DIRECTIONS FOR THIS TASK: Copy nothing before the line that contains "A soothing cabochon"; from there, transcribe each line exactly through the end of the material, omitting pictures.

━━━━━ DATASET EXTRACT

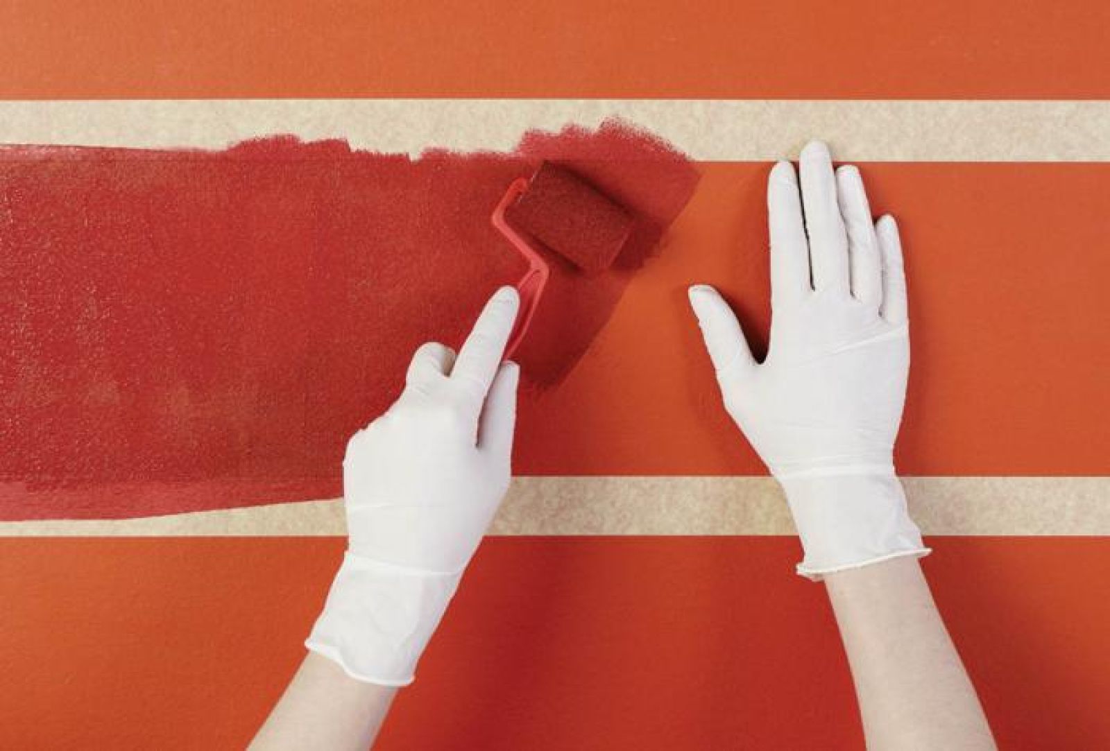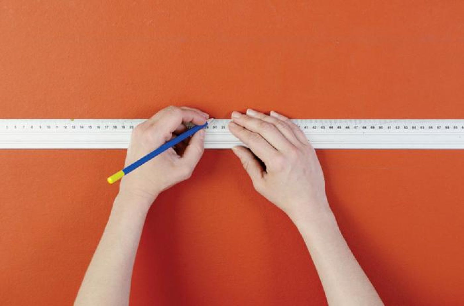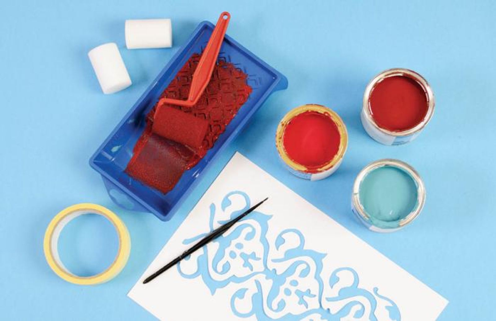Zaczynamy od namalowania na ścianie pasa w kolorze bordo. Najpierw wyznaczamy jego szerokość za pomocą ołówka i linijki, przyklejamy taśmę malarską, żeby łatwiej nam się malowało. Kiedy powierzchnia wyschnie, bierzemy się za ornament – najpierw niebieski, potem czerwony.![]()
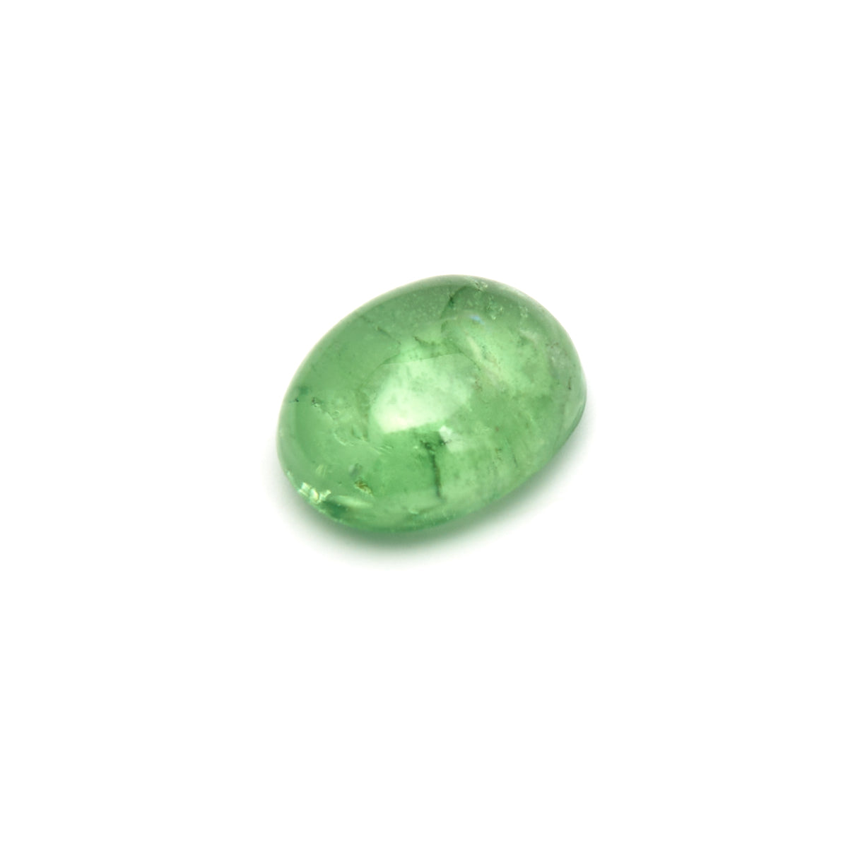 A soothing cabochon with a serene forest-green hue, this 0.88 carat Tanzanian tsavorite offers a smooth, luminous surface and a gentle domed shape that invites touch. Its natural inclusions and soft glow give it character and authenticity, making it a soulful choice for bespoke jewellery or a collector’s tray.
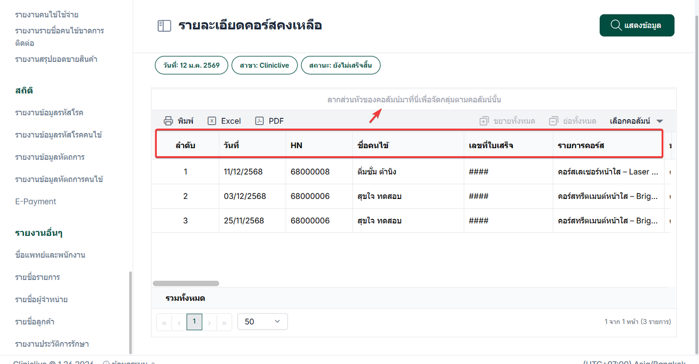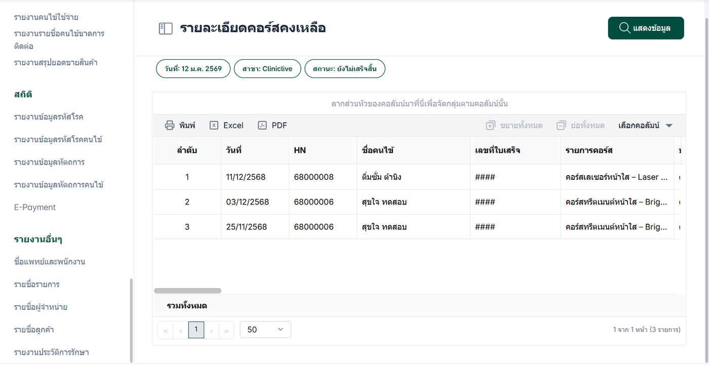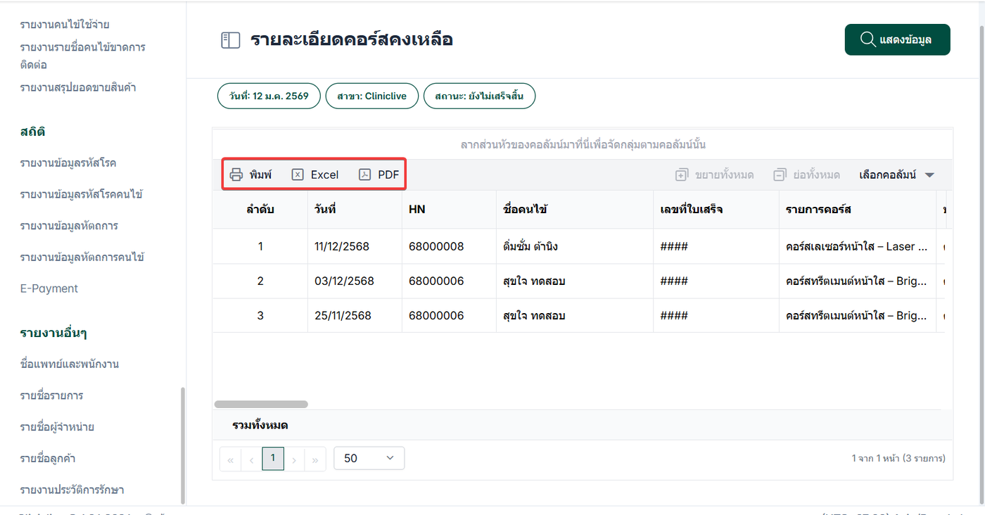 รายละเอียดคอร์สคงเหลือเป็นรายงานที่แสดงข้อมูลสำคัญเกี่ยวกับคอร์สที่คนไข้ยังคงเหลือในระบบของคลินิก รายงานนี้เสริมทำให้ผู้ดูแลระบบหรือเจ้าหน้าที่ทางการแพทย์สามารถติดตามและวิเคราะห์สถานะและข้อมูลที่เกี่ยวข้องกับคอร์สที่คนไข้ยังคงเหลือในระบบ

━━━━━━━━━━

THE COMPLETED TASK:
 A soothing cabochon with a serene forest-green hue, this 0.88 carat Tanzanian tsavorite offers a smooth, luminous surface and a gentle domed shape that invites touch. Its natural inclusions and soft glow give it character and authenticity, making it a soulful choice for bespoke jewellery or a collector’s tray.
 รายละเอียดคอร์สคงเหลือเป็นรายงานที่แสดงข้อมูลสำคัญเกี่ยวกับคอร์สที่คนไข้ยังคงเหลือในระบบของคลินิก รายงานนี้เสริมทำให้ผู้ดูแลระบบหรือเจ้าหน้าที่ทางการแพทย์สามารถติดตามและวิเคราะห์สถานะและข้อมูลที่เกี่ยวข้องกับคอร์สที่คนไข้ยังคงเหลือในระบบ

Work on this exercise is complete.